Exercise:
Below are records with pictures. Transcribe exactly, and only, the lines from the line with "Every year, grade" to the line with "Our largest unit", both ends included, but not the pictures.

Data records
=== Section Start ===
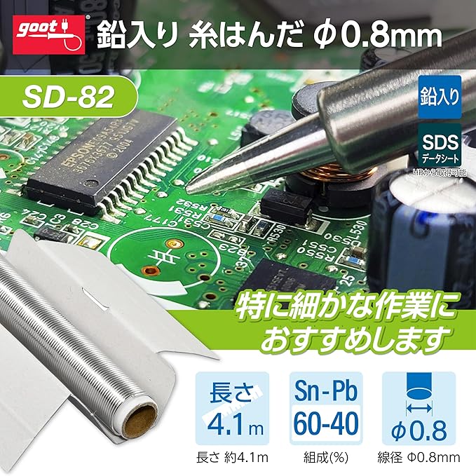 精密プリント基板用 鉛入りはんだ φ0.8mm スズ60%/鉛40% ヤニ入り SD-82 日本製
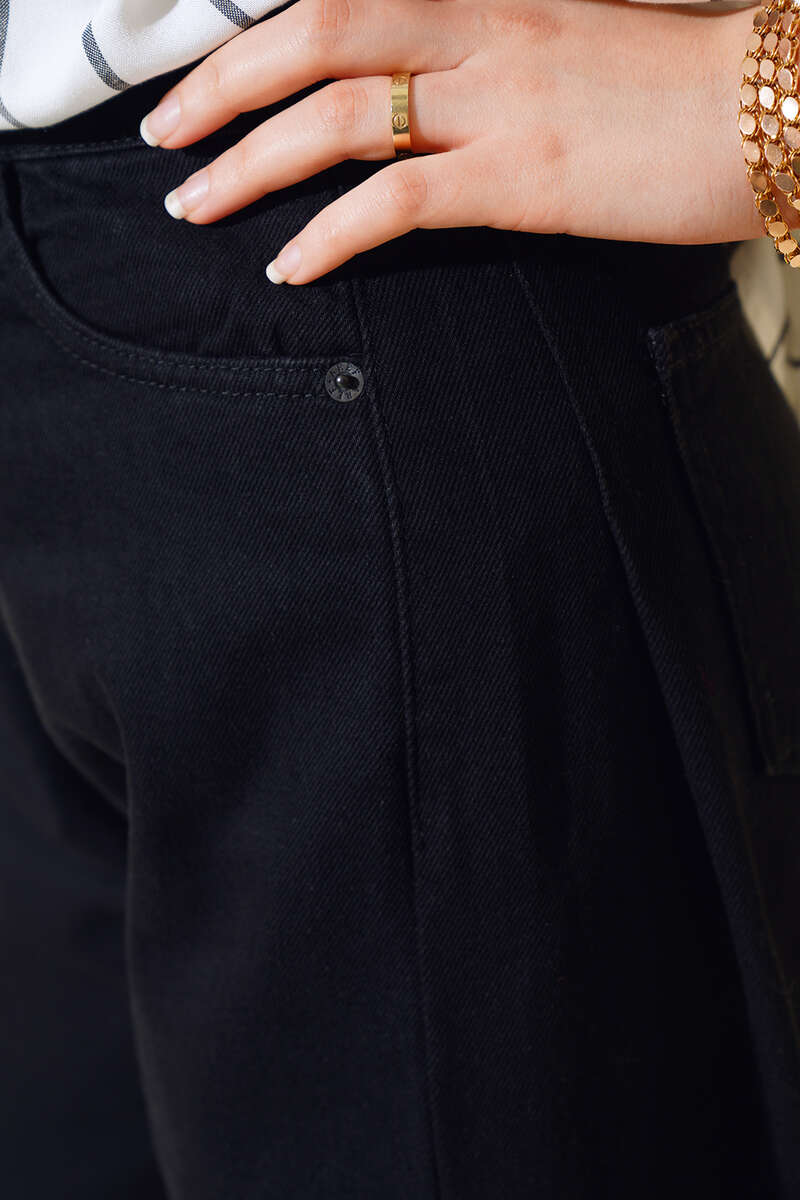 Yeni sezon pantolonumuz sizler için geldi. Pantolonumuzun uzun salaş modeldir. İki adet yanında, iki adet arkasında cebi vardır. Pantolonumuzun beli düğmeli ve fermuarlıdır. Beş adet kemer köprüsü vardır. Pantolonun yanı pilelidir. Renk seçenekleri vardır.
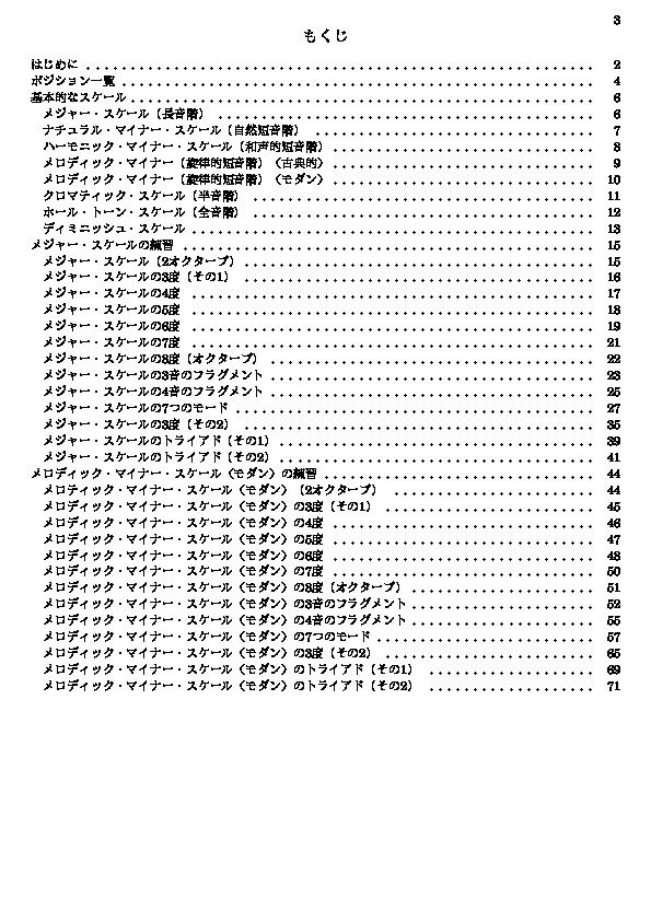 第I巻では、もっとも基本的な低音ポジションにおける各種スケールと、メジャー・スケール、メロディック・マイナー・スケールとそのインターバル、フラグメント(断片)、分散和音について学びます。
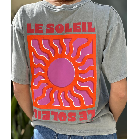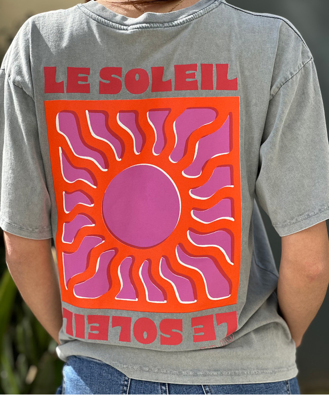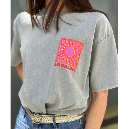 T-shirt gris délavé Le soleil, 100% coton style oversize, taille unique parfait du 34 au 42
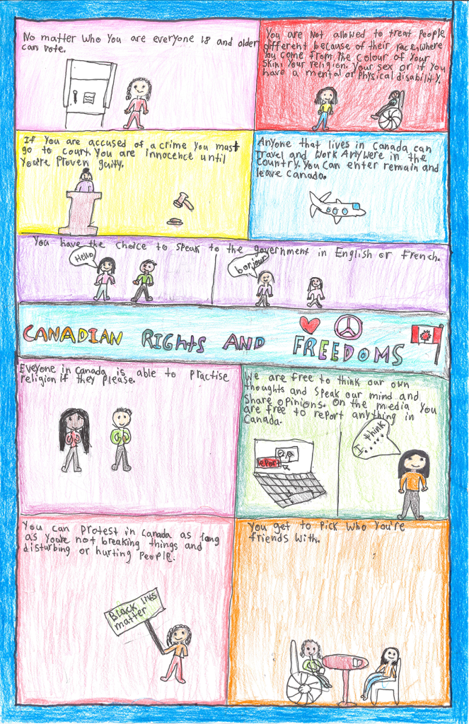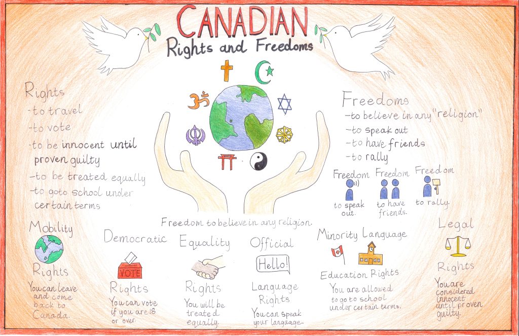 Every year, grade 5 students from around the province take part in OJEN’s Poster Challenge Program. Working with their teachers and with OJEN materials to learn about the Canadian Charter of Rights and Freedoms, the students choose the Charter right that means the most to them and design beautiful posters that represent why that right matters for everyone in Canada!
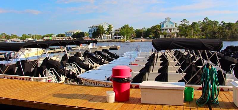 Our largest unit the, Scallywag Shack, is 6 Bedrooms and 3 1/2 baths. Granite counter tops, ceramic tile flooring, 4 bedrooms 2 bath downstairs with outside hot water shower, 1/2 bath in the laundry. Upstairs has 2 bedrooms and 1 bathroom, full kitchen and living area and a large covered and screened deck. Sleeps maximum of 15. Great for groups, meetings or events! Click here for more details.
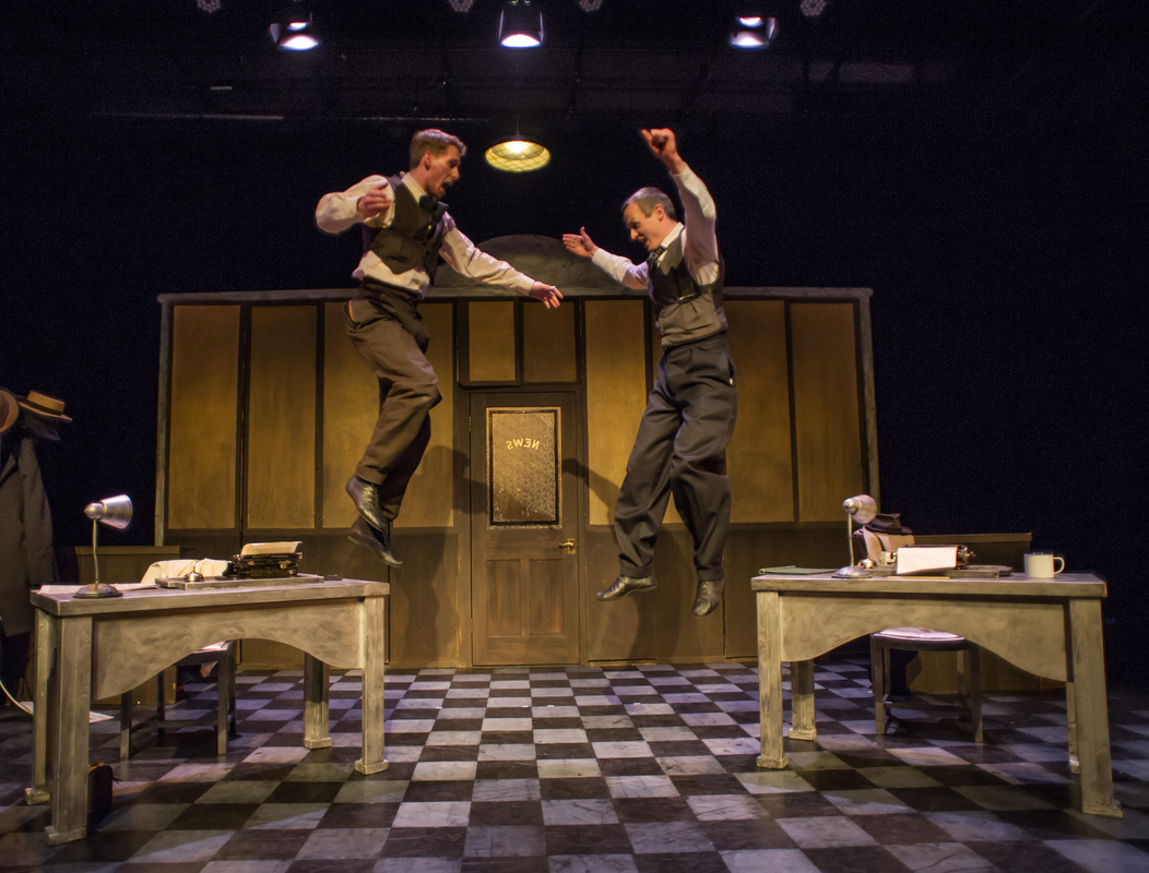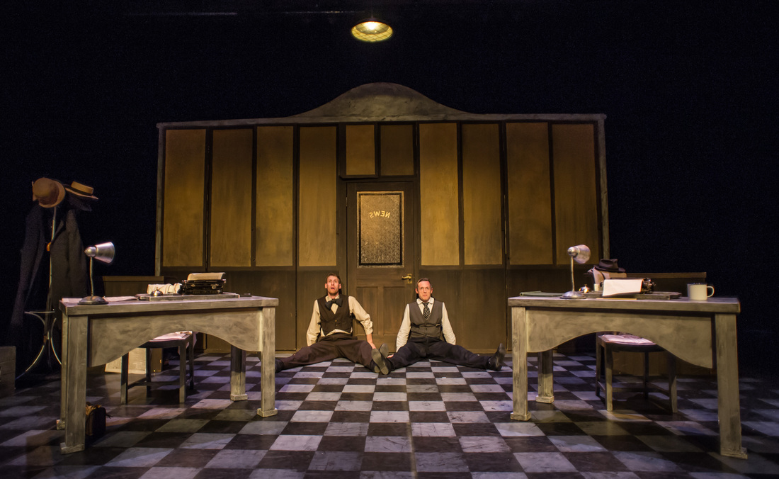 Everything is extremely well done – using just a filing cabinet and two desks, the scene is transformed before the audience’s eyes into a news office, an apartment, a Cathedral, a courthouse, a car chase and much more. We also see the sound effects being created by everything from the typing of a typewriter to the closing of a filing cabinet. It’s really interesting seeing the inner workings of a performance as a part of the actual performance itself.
=== Section End ===
Written response:
 Every year, grade 5 students from around the province take part in OJEN’s Poster Challenge Program. Working with their teachers and with OJEN materials to learn about the Canadian Charter of Rights and Freedoms, the students choose the Charter right that means the most to them and design beautiful posters that represent why that right matters for everyone in Canada!
 Our largest unit the, Scallywag Shack, is 6 Bedrooms and 3 1/2 baths. Granite counter tops, ceramic tile flooring, 4 bedrooms 2 bath downstairs with outside hot water shower, 1/2 bath in the laundry. Upstairs has 2 bedrooms and 1 bathroom, full kitchen and living area and a large covered and screened deck. Sleeps maximum of 15. Great for groups, meetings or events! Click here for more details.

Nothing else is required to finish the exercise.